Specify list of possible values for Pandas get_dummies
First, if you want pandas to take more values simply add them to the list sent to the get_dummies
method
data = {'numeric_1':[12.1, 3.2, 5.5, 6.8, 9.9],
'categorical_1':['A', 'B', 'C', 'B', 'B']}
frame = pd.DataFrame(data)
dummy_values = pd.get_dummies(data['categorical_1'] + ['D','E'])
as in python +
on lists works as a concatenate
operation, so
['A','B','C','B','B'] + ['D','E']
results in
['A', 'B', 'C', 'B', 'B', 'D', 'E']
In my mind this is necessary to account for test data with a value for that column outside of the values used in the training set, but being a novice in machine learning, perhaps that is not necessary so I'm open to a different way to approach this.

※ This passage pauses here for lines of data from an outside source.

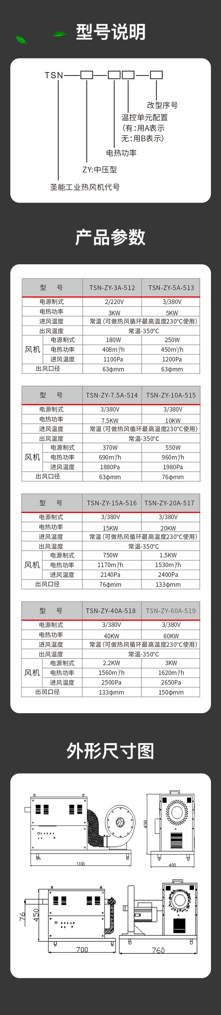 “TSN”工業熱風機主要由送風系統、加熱系統、溫控系統三大部分部分組成。通電后,鼓風機把空氣吹送到加熱器里,令空氣從螺旋狀的電熱絲內、外側均勻通過,電熱絲通電后產生的熱量與通過的冷空氣進行熱交換,從而使出風口的風溫升高。出風口處的K型熱電偶及時將探測到的出風溫度反饋到溫控儀,儀表根據設定的溫度檢測著工作的實際溫度,并將有關信息傳遞回固態繼電器進而控制加熱器是否工作。同時,鼓風機可利用風量調節器(變頻器、手動)調節吹送空氣的風量大小。另外,送風系統及加熱器,均有過載超溫自動保護裝置,總電路也設計了緊急摯,以保證安全,防止錯誤操作。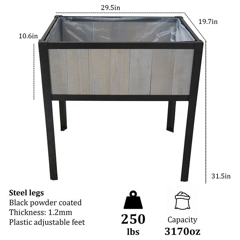 Jardinière rectangulaire en bois personnalisée avec pieds en acier enduit de poudre | Boîte à fleurs pour maison et jardin, intérieur et extérieur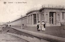 Star, Héliotypie De Graeve, Gand, N° 2374. - Ostende - La Galerie Royale. - De Koninklijke Gaanderijen gelegen langs de Zeedijk. Twee vrouwen poseren voor de fotograaf. Oostende in de Belle Epoque. Gebouwd in de periode 1902 en voltooid in 1906 naar de plannen van de Franse architect Charles Girault en uitgevoerd door de aannemer Smis-Valcke. Een 366 m. lange, rechtlijnige overdekte wandelgalerij tussen het toenmalig Koninklijk Chalet en de toegang tot de Wellingtonrenbaan. Beschermd als monument bij KB van 22/09/1981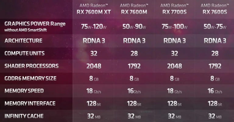 A AMD anunciou a série Radeon 7000 para notebooks há quatro meses, mas somente agora as fabricantes começaram a enviar os notebooks com a placa de vídeo. O modelo RX 7600S é uma placa de vídeo discreta de nível de entrada, com a GPU Navi 33 integrada e 8GB de VRAM. Porém, essa variante é a mais lenta da série RDNA3, competindo com as placas NVIDIA Max-Q. A GPU conta com 28 unidades de processamento (1792 processadores shader) e opera dentro de um limite de TDP entre 50W e 75W.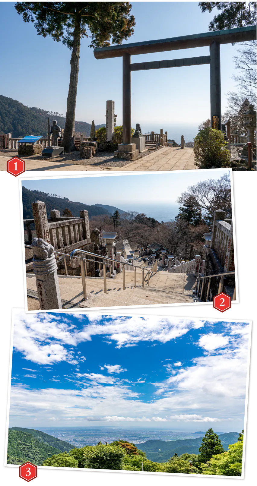 1.大鳥居からのダイナミックな景色に感動! 2.長い階段を登って大鳥居へ 3.大鳥居横のベンチからの眺めは時間の経つのを忘れるほど

From the machine learning perspective, it is quite redundant. This column is a categorical one, so value 'D' means completely nothing to the model, that never seen it before. If you are coding the features unary (which I assume after seeing that you create columns for each value) it is enough to simply represent these 'D', 'E' values with
A B C
0 0 0
(i assume that you represent the 'B' value with 0 1 0
, 'C' with 0 0 1
etc.)
because if there were no such values in the training set, during testing - no model will distinguish between giving value 'D', or 'Elephant'
The only reason for such action would be to assume, that in the future you wish to add data with 'D' values, and simply do not want to modify the code, then it is reasonable to do it now, even though it could make training a bit more complex (as you add a dimension that as for now - carries completely no knowledge), but it seems a small problem.
If you are not going to encode it in the unary format, but rather want to use these values as one feature, simply with categorical values, then you would not need to create these "dummies" at all, and use a model which can work with such values, such as Naive Bayes, which could simply be trained with "Laplacian smoothing" to be able to work around non-existing values.